Aaron Woolfson has for the past five years undertaken an amazing project: to acquire and restore -- not just clean up, but restore to original factory specifications -- a variety of original PLATO terminals from the 1970s. He's traveled all over the country, picked up parts here and there, and has even had custom parts made.

On January 20, I finally got to meet Aaron. We converged on the Computer History Museum so the museum folks could see a real working PLATO V terminal. The plan is to have, on hand at the conference about half-a-dozen PLATO terminals up and running and connected to the service. Attendees will be able to try out the terminals and check out original PLATO applications including thousands of educational lessons ranging from anthropology to zoology, as well as the notesfiles, TERM-talk, and of course, PLATO's legendary multiplayer games.
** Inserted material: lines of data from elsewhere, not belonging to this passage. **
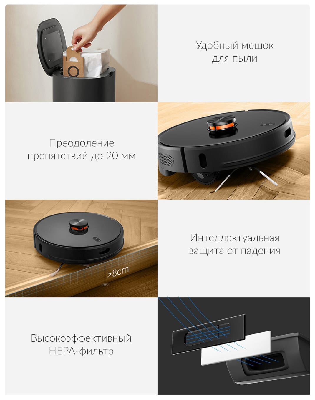 Благодаря радиолокационному лазерному датчику LDS 2.0 робот-пылесос Xiaomi Lydsto R1 Robot Vacuum Cleaner легко маневрирует между препятствиями, старается избегать столкновений, запоминает обработанные и необработанные участки. 2-ядерный процессор Quanzhi MR112 и множество датчиков позволяют устройству выполнять полностью безопасную очистку, обнаруживать ступеньки и избегать падения.
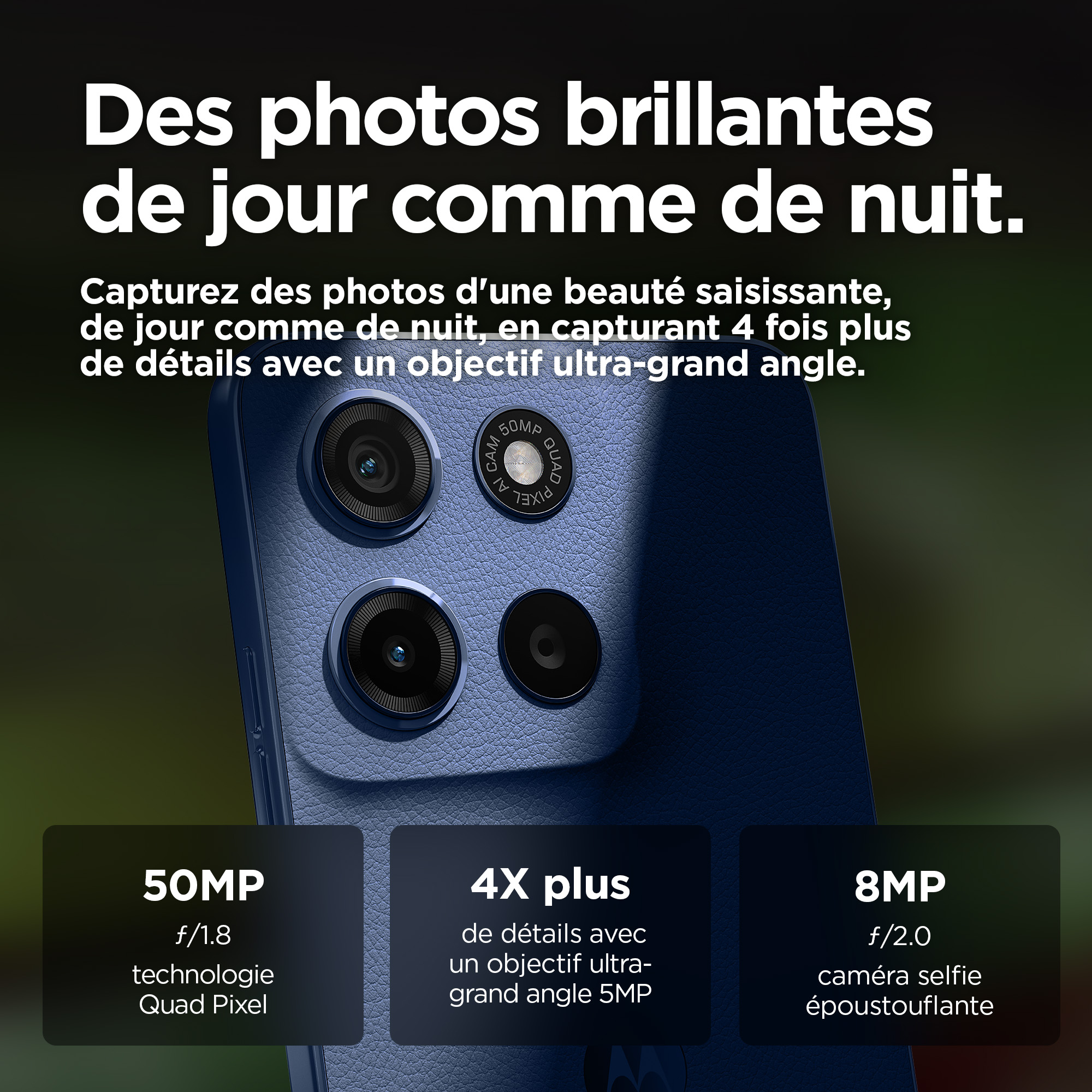 Le moto g15 vous offre le meilleur du divertissement cinématographique. Regardez vos émissions et films préférés sur un écran Full HD+ ultra net et lumineux de 6,72", même en plein soleil. Plongez dans un son multidirectionnel grâce aux puissants haut-parleurs stéréo avec Bass Boost et Dolby Atmos®. Capturez des photos magnifiquement détaillées avec l’appareil photo de 50 MP(1), éliminant les barres disgracieuses dues aux sources de lumière artificielle. Rechargez rapidement votre smartphone grâce au chargeur TurboPower™(2) et profitez d’une autonomie prolongée avec une batterie de 5 200 mAh. Le cuir vegan lui confère un style haut de gamme et son design résistant aux éclaboussures(3) et le verre Corning® Gorilla® Glass 3 renforcent sa protection. Bénéficiez de performances rapides et d’une grande capacité de stockage pour ne jamais être à court d’espace pour vos divertissements. Vivez chaque jour plus intensément avec le moto g15.
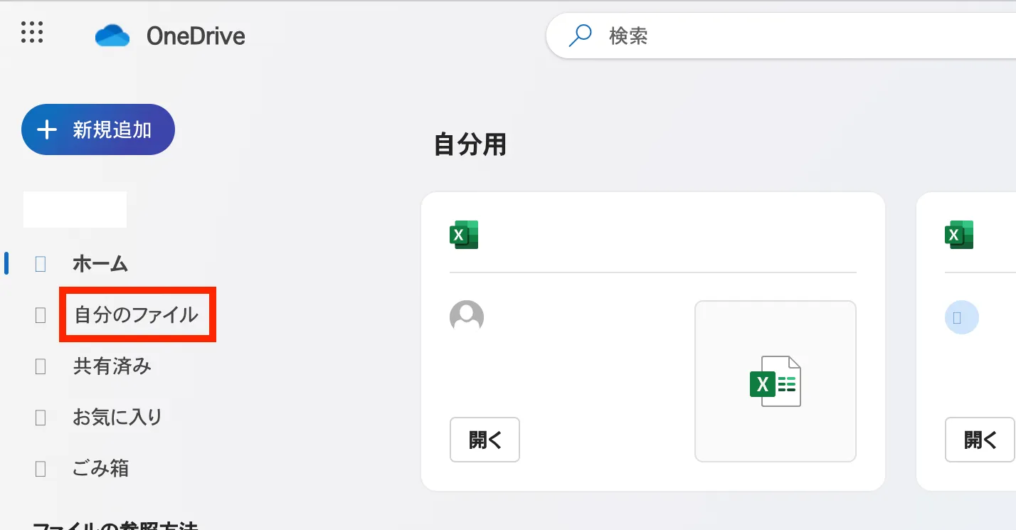 • 「自分のファイル」は,OneDriveにおける最上位のフォルダに相当します.

Here are some photos of the terminal Aaron showed off at the museum:

PLATO V terminal restoration

What's especially cool is that Aaron has hacked together an interface such that the terminal thinks it's connected to a 1260-bps serial line, but in fact, is connected to the Internet which it then converts into the old 1260-bps serial signal. For the conference, he's building little interface boxes for each terminal such that all you have to do is plug the terminal into an ethernet cable connected to the service on the Internet and you're all done.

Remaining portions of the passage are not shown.